The eyes looking to the right shows where the person is thinking. Looking to the right is right brain thinking. Looking to the left is left brain thinking. A person looking up and to the right is accessing the right brain visual memory in response to a question. He noted that when he asked his one daughter if she had made her bed, she answered that she had while looking to the right and up. This body language action indicated that part of her answer was correct, but the other part was created, because the reality was not congruent with what she had been taught. The bed was made by tossing the covers toward the head of the bed so that they wildly covered the sheets. His other daughter would likely answer with the eyes looking up and to the left. She is accessing the left side visual memory which is an indication that she has orderly done the bed how she was taught. If a person’s eyes are looking to the sides—left or right—they are pulling up audio voices in their head, someone else’s comments that help them make a decision.
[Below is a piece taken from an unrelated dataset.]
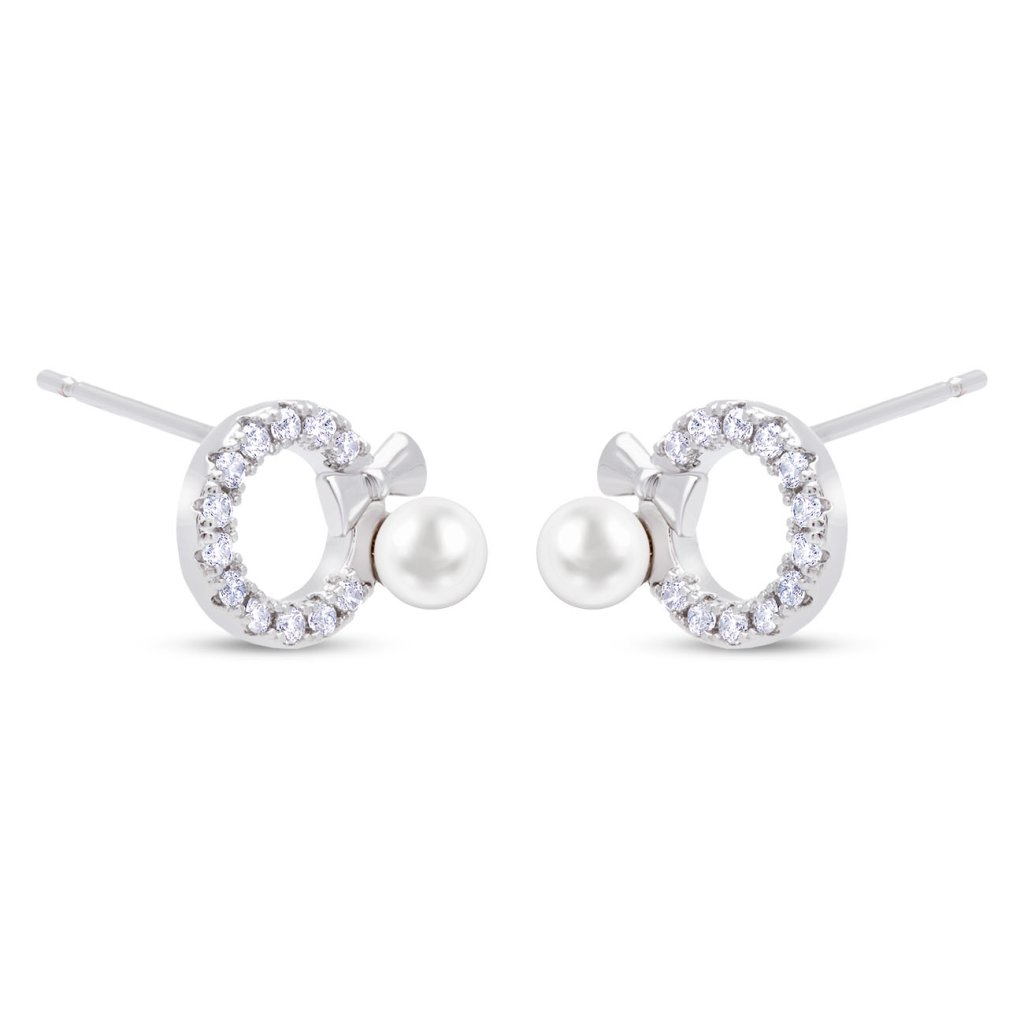 Romantické a nežné náušnice, ktoré si zamilujete na prvý pohľad. Kruhový tvar osadený trblietavými zirkónmi dopĺňa decentná perla a drobná mašlička, ktorá dodáva šperku dievčenský šarm. Vďaka rhodiovanému povrchu si náušnice uchovávajú dlhodobý lesk a odolnosť proti sčernaniu.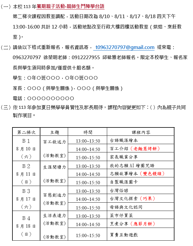 - 請依以下格式重新報名,報名資訊寄, t0963270797@gmail.com 或來電: 0963270797 徐堃明老師; 0912227955 邱稔雅老師報名。限定本校學生、報名家長與學生須同時參加/僅提供十組名額。

Right and Left Brain Thinking

In order to understand the basis of their indicated thinking with eye movements, you must know what is shown by right brain thinking and left brain thinking about the person. A person looking to the right when accessing information or conveying thoughts is predominantly a right brain thinker. They are usually characterized by being creative, artistic, emotional, intuitive, future oriented, and looking at the big picture. A person looking to the left when accessing information or conveying thoughts is predominantly a left brain thinker. They are characterized by being logical, ordered, detailed, past oriented, and analytical. Know this, you can tell the best way to approach these people, from the point of view of their dominant brain thinking.

In contrast to the eyes; hand, arm and leg movements are opposite. The left brain controls the right side limb movements. So a person that is predominantly “right handed” is left brain oriented. While a person who is predominantly “left handed” is right brain oriented. People can be trained to be left or right dominant. The can also be trained to be balanced, using both sides of the brain equally well. The balanced person has a tendency to be in control of his or her emotions and does not react as readily to opposing stimuli as a predominantly right or left brained person does.

Eyes Looking Up or Down

Going back to the eyes, a person looking down and being silent is looking into their own emotions, thinking and pondering on what to do in response to a decision making situation. This is a great time for that person companion(s) to be totally silent and patiently wait for them to look up. However, you need to be ready to listen, with your eyes right on them. Spouses should take note of this tip

When your companion is looking up, grab your pen and write whatever they are saying, during or shortly after the looking up. They are pleading for and often receiving inspiration that they or you sorely need.

Additional Hand Tips

Another set of hands tips include: When you see the palms up, the person is showing that she is caring. When the arms are reaching out with the hands up, the person is asking you to care, too. When the hands are to the side with the palms up, the person is saying, “I manage it!” This is often accompanied by the exclamation, “What do you think!” or “Of course I can!” The spoken message and the body language must be congruent for you to be believable. So make sure what your body is saying is also what you are speaking, or else you will not, subconsciously, be believed by your audience. And if your audience’s eyes are very focused on your hands bring your hands up and gestures up closer to your face so that their eyes can see both your hand movements and your facial expressions while listening to your words. Don’t use your hands to chop or poke. These are just two offensive gestures that destroy your credibility

Talking With Hands

Finally, since many of you talk with your hands, be aware that this is often cultural and you needn’t be self-conscious about it. Use this ability to your advantage by keeping the message you convey congruent from all your communication sources and you will find all your relationships improving. And improved relationships lead to improved marriages and improved businesses, which brings in more money.